Industry Insights

 Thoughts from our CEO

The Importance of Capture in Document-Based Process Automation

Capture is dead, long live capture!

 

History of capture
25 years ago, turning a paper document into a digital image was a rather big challenge. One needed these unwieldy devices called scanners and document capture application software. The capture software would create an image, and typically store it in a .tiff format. Then, before these captured images could be put into an electronic archive, a person would need to manually add some index data. This was known as ‘late’ capture. ‘Late’ because paper documents are only captured and electronically archived at the very end of an entirely paper-based (manual) process -- the whole purpose was simply to replace paper-based filing systems with an electronic archive for easy storage and retrieval. Such were the times!

Capturing forms and data developed relatively early in the 1990's and was initially called data capture to differentiate from document capture, as only the data is of interest and the images often get discarded. Different technologies existed, each focused on handling to deal with either machine- or hand-written content and special information (e.g. checkboxes).
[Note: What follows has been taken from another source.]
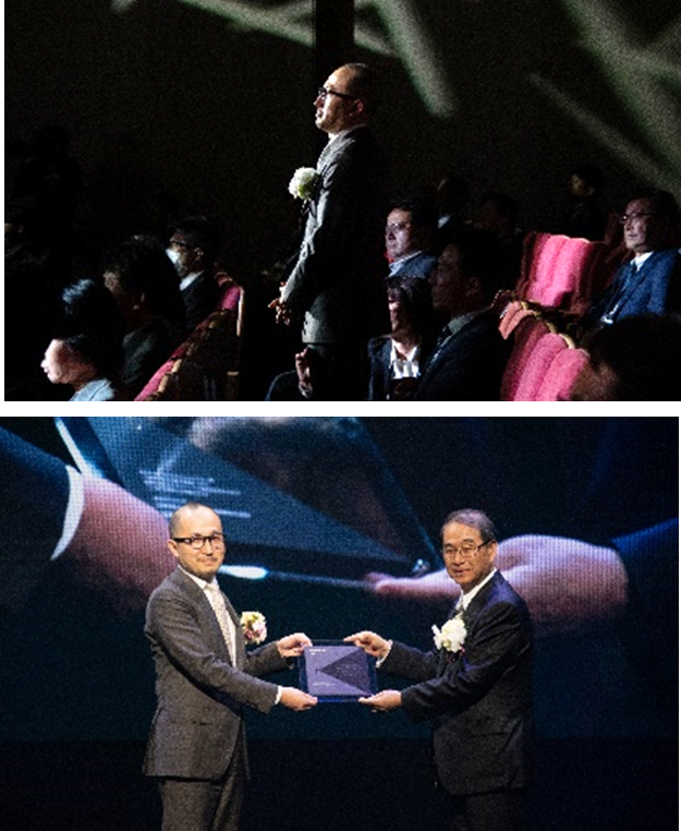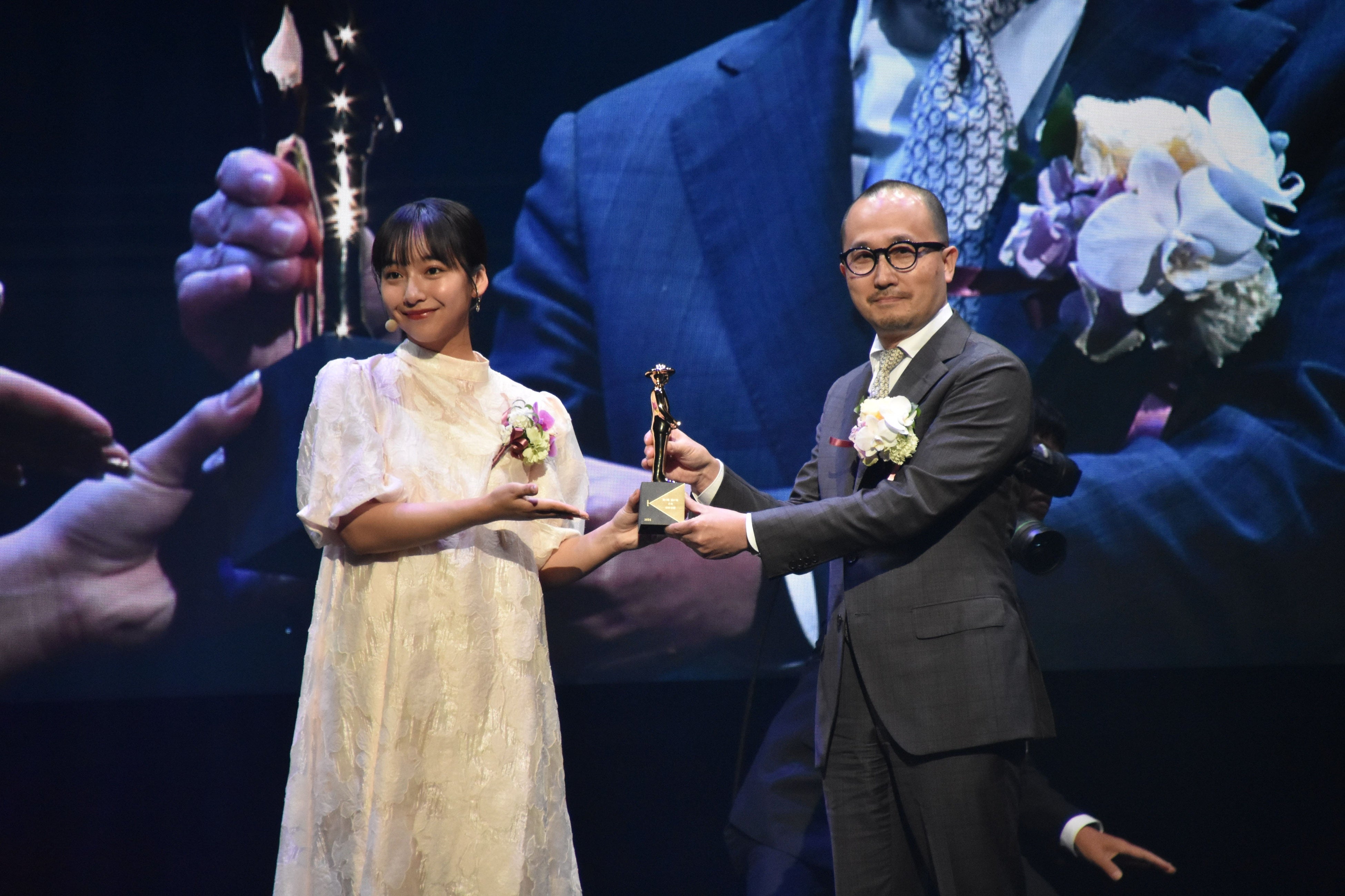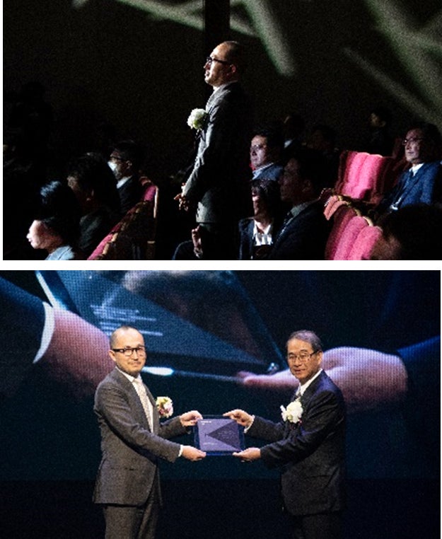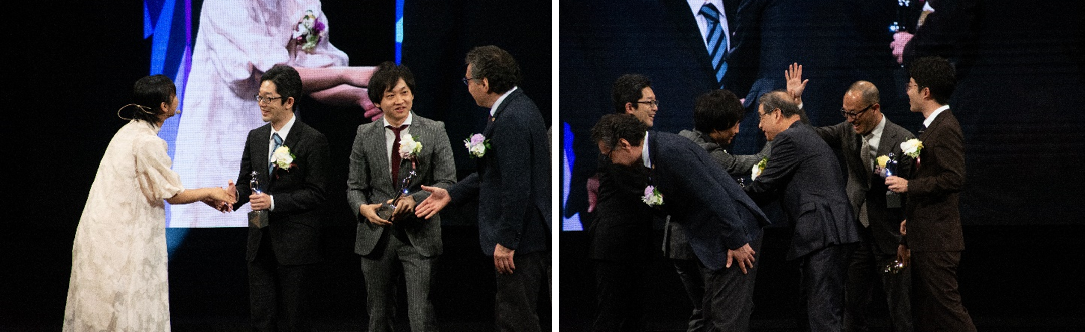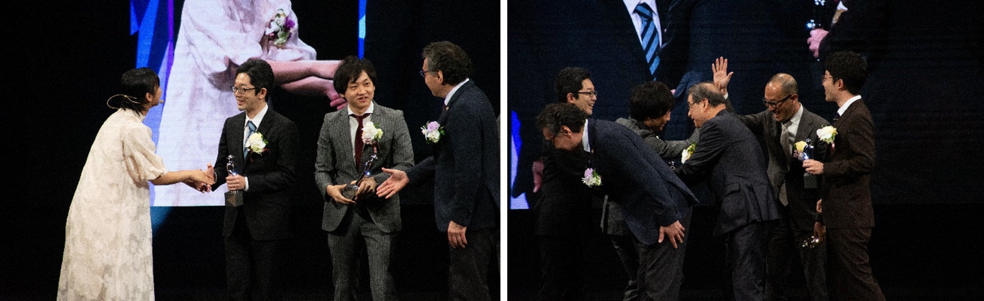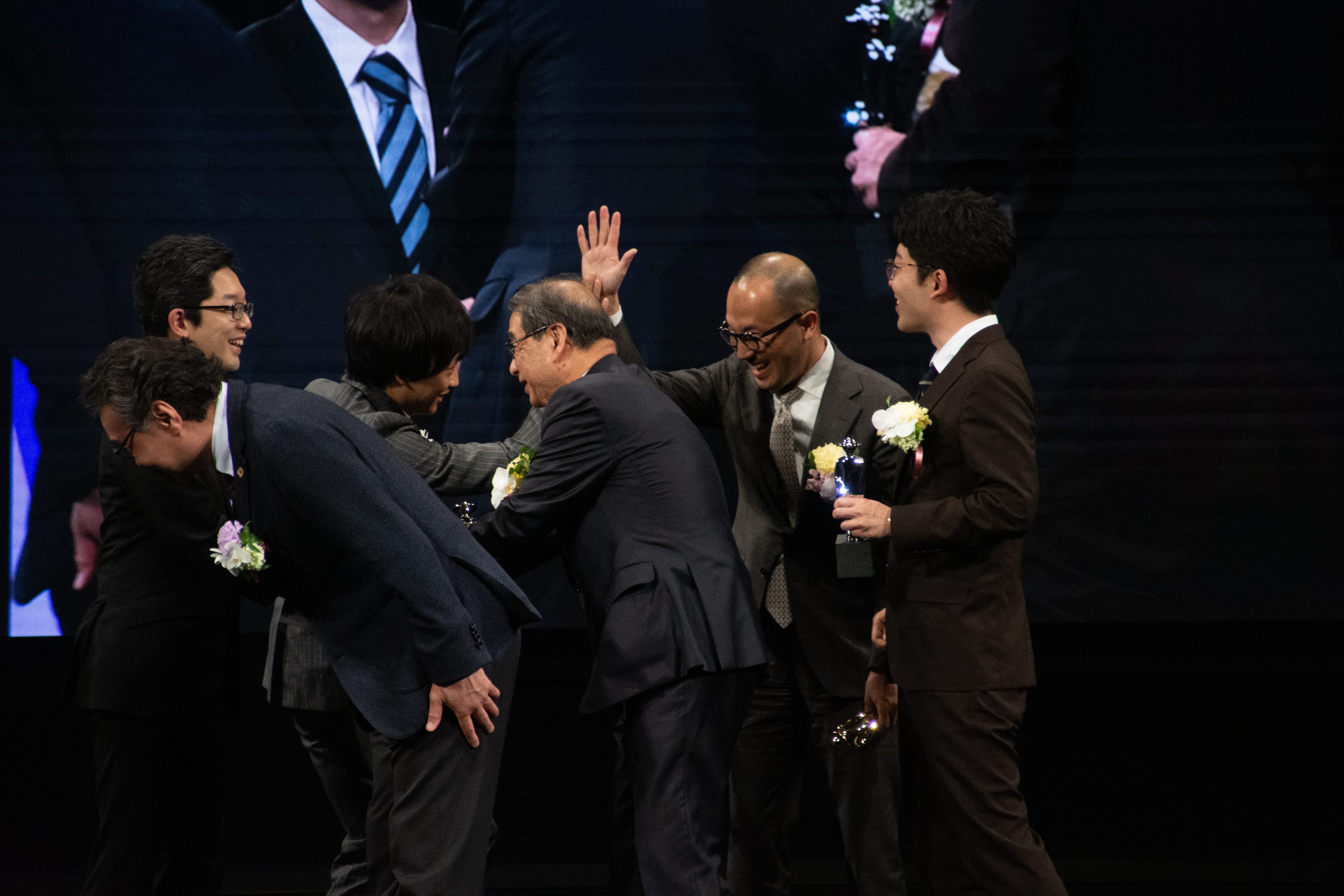 そして、神戸賞アンバサダーである山之内すずさんからトロフィー、代表理事の家次から賞状と副賞が、受賞者4名の方々へ手渡されました。トロフィーは、研究者の独創性を「暗闇の中の光」として捉え、それを体現するイメージでデザインされています。メッキ素材で仕上げた彫像の中に、点灯機能を組み込まれており、見た目の艶やかさだけではなく、実際に光を灯すユニークな設計です。

Around 15 years ago ‘early’ capture began to surface, which means that documents are being captured (scanned) immediately upon arrival at the organization. Again, an image is produced but advances mean that OCR technology is applied to obtain textual (content) data. The normalization standard is typically PDF/A, which allows to keep the image information and its text data in a separate layer. ‘Early’ capture nowadays is widespread. It is called digitization and is the important first step for complete digital processing.

From digitization to intelligent document processing (IDP)
With the arrival of the internet, it became possible to scan documents from any office with so-called desktop scanners, and the most prevalent ‘documents’ became emails. Capturing the body of an email is straightforward, however email attachments are an entirely different matter – the variety of attachment formats is mind boggling, and that’s before we even get into the topic of emails attached to other emails, and/or containing archive media (of which there are again multiple types - .zip, .rar, etc.) Recognizing the formats and normalizing them into one single standard is the first challenge.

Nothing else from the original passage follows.